Wednesday, 7 April 2010

Violets Are Blue..

Roses are red
Violets are blue
Sugar is sweet
And so are you

I planted a little clump of sweet violets (viola odorata) a few years ago, and at last it seems to have taken off, and is flowering and spreading well. This morning was fine and sunny, perfect for enjoying the sweet scent of this low growing native plant. There are lots of dog violets growing wild around here, but as they are unscented  (viola riviniana) they are, at least to me, much less attractive to grow. The plant grows low to the ground, throwing out runners, and making a dense weed suppressing mat (eventually), if it's happy. The flowers, although tiny are beautifully scented, and are of course, the violets beloved of elderly aunts and have been used extensively in the production of perfumes and toiletries as far back as Ancient Greece. 
There is a myth that you can only smell violets once but the fragrance is strangely short-lived. Apparently one of the chemicals, ionine, which makes up the violet’s scent, has the ability to deaden the smell receptors that detect it (according to Flora Britannica by Richard Mabey).  I used to live in Torquay in Devon where the Lownds Pateman company produced the famous Devon Violets perfume so beloved of the above mentioned aunts, and I well remember visiting their offices and being almost overcome by the smell of the perfume, only to be informed by the owner that he couldn't smell anything and nor could anyone who worked there either!

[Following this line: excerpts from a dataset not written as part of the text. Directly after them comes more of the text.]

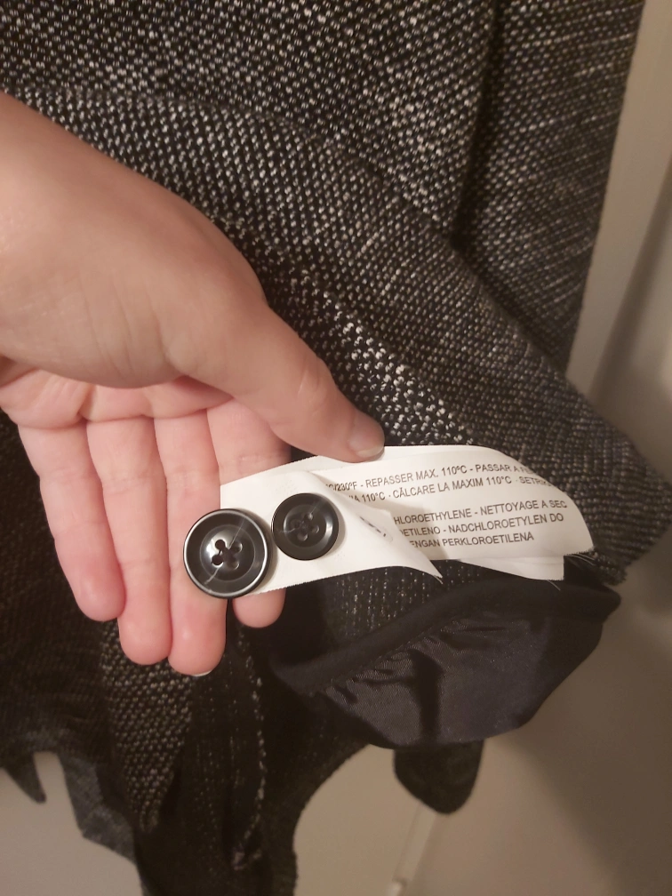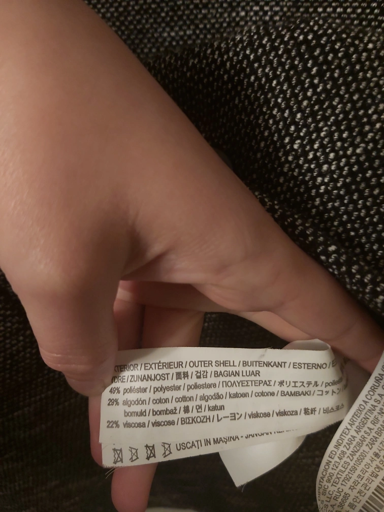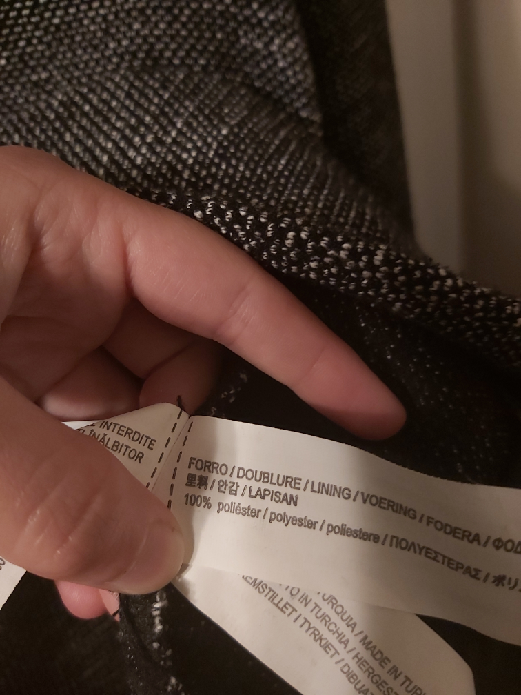 Composition/material: Outer shell is 48% polyester, 29% cotton and 22% viscose; lining is 100% polyester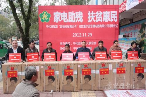??? 據了解,此次活動,浙江寧波吉德電器有限公司共捐贈8臺洗衣機,價值9600元。其中,寧化縣特殊教育學校和泉上福樂家園各一臺,特困殘疾人6臺,并送貨上門。該公司還向全縣持證殘疾人發放“助殘扶貧惠民卡”10000多張。持有“愛心扶殘卡”的殘疾人可購買洗衣機和彩電各優惠400元、電冰箱優惠500元。殘疾人持身份證、殘疾證、“助殘扶貧惠民卡”在東方家電城采購廠家指定扶殘專供產品,還可享受多重優惠。(張彩華)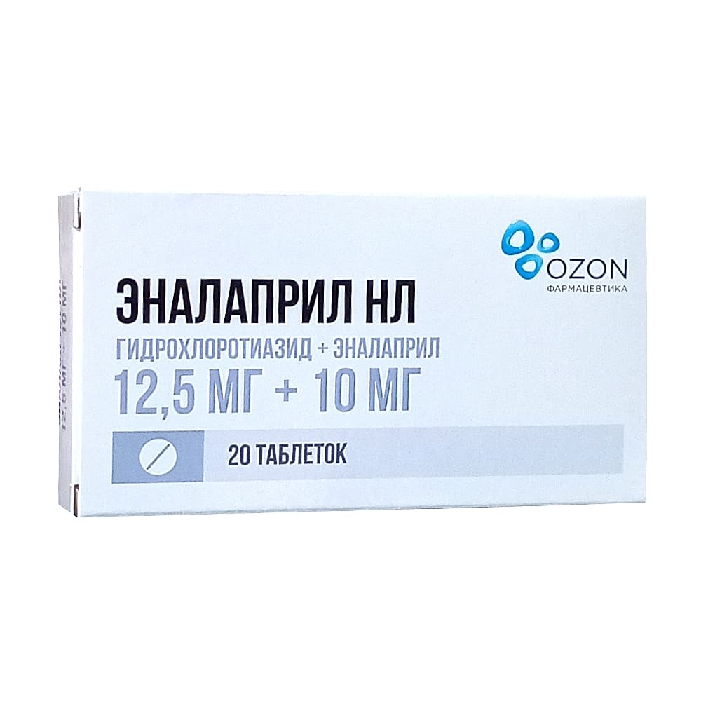 Эналаприл НЛ 12,5 мг + 10 мг, 20 шт.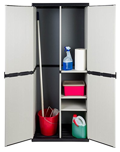Spindschrank: dieses Modell ist mit praktischem Freifach ausgestattet. Verstauen Sie ganz einfach auch Ihre sperrigen Gegenstände, wie z.B. Besen, Rechen, Wischmob, Staubsauber, u.a. in dem praktischen Freifach. Auf der gegenüberliegenden Seite finden Ihre anderen Utensilien Platz auf insgesamt drei Einlegeböden, davon zwei in der Höhe verstellbar.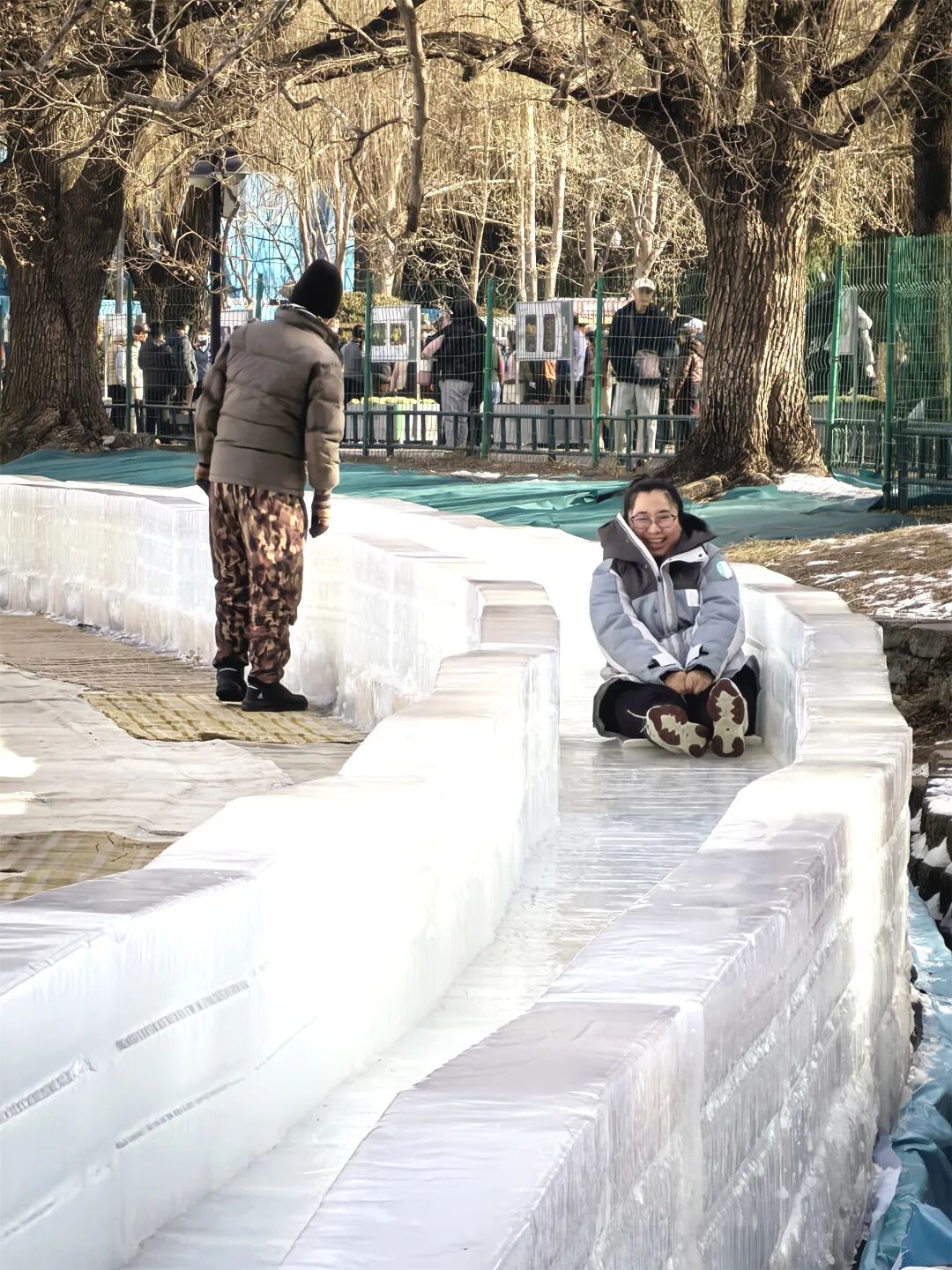 “孙子玩了四遍不肯走!我本来怕冷,结果自己滑下来笑得最大声。”带着孙子来玩的李阿姨笑着说。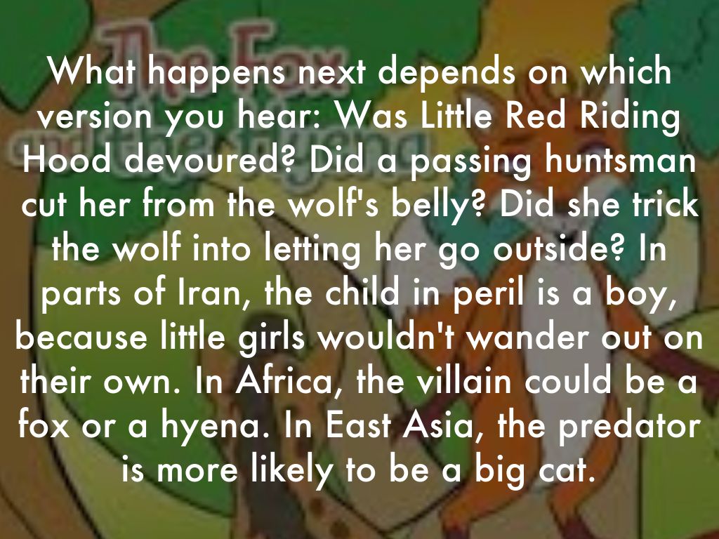 What happens next depends on which version you hear: Was Little Red Riding Hood devoured? Did a passing huntsman cut her from the wolf's belly? Did she trick the wolf into letting her go outside? In parts of Iran, the child in peril is a boy, because little girls wouldn't wander out on their own. In Africa, the villain could be a fox or a hyena. In East Asia, the predator is more likely to be a big cat.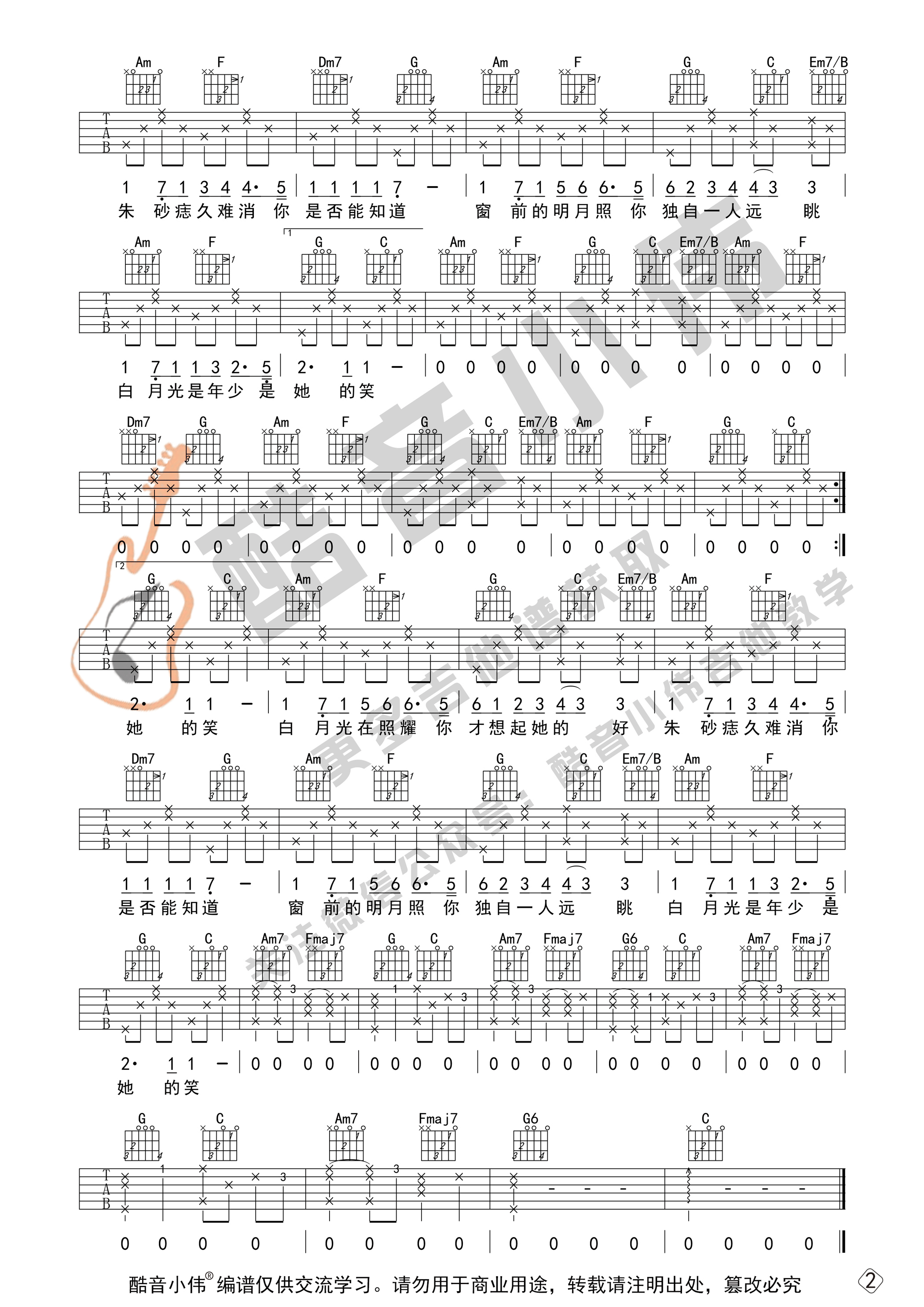 曲谱介绍: 曲谱适合初学者弹奏,选用C调指法,变调夹的位子可以根据我的推荐来选择。使用八分音符、十六分音符分解伴奏型,先弹奏会曲谱,再清唱会,然后弹唱结合一起练习。《白月光与朱砂痣》是由大籽演唱的歌曲,“寄予希望却无法拥有的叫白月光,拥有却无法再拥抱的人叫朱砂痣”。将白月光朱砂痣串联了起来,用作比喻爱情。

Violets are steeped in folklore and myth, the Victorians associated them with fidelity and love, and they were traditionally placed on the graves of children. They feature in many lovely poems, including this one by D H Lawrence, - it's a bit impenetrable written down especially if you're not from Yorkshire,(or is that Nottinghamshire?) and much better spoken as here by Kenneth Branagh in the film "Coming Through"


Violets

Sister, tha knows while we was on the planks
Aside o' th' grave, while th' coffin wor lyin' yet
On th' yaller clay, an' th' white flowers top of it
Tryin' to keep off'n him a bit o' th' wet,

 An' parson makin' haste, an' a' the black
Huddlin' close together a cause o' th' rain,
Did t''appen ter notice a bit of a lass away back
By a head-stun, sobbin' an' sobbin' again!

How should I be lookin' round
An' me standin' on the plank
Beside the open ground,
Where our Ted 'ud soon be sank ?

Yi, an' 'im that young,
Snapped sudden out of all
His wickedness, among
Pals worse n'r ony name as you could call.

Let be that; there's some o' th' bad as we
Like better nor all your good, an' 'e was one.
--An' cos I liked him best, yi, bett'r nor thee,
I canna bide to think where he is gone.

Ah know tha liked 'im bett'r nor me. But let
Me tell thee about this lass. When you had gone
Ah stopped behind on t' pad i' th' drippin' wet
An' watched what'er 'ad on.

Tha should ha' seed her slive up when we'd gone,
Tha should ha' seed her kneel an' look in
At th' sloppy wet grave--an' 'er little neck shone
That white, an''er shook that much, I'd like to begin

Scraightin' my-sen as well. 'Er undid her black
Jacket at th' bosom, an' took from out of it
Over a double 'andful of violets, all in a pack
Ravelled blue and white--warm, for a bit

O' th' smell come waftin' to me. 'Er put 'er face
Right intil 'em and scraighted out again,
Then after a bit 'er dropped 'em down that place,
An' I come away, because o' the teemin' rain.

D.H. Lawrence

Both the flowers and leaves are edible, and can be used in salads, and the flowers can be candied and used as edible cake decorations.

9 comments:

  1. Hello Kathy. Thank you for visiting my blog and becoming a follower. I am pleased that you did as it has led me to yours and I can return the compliment.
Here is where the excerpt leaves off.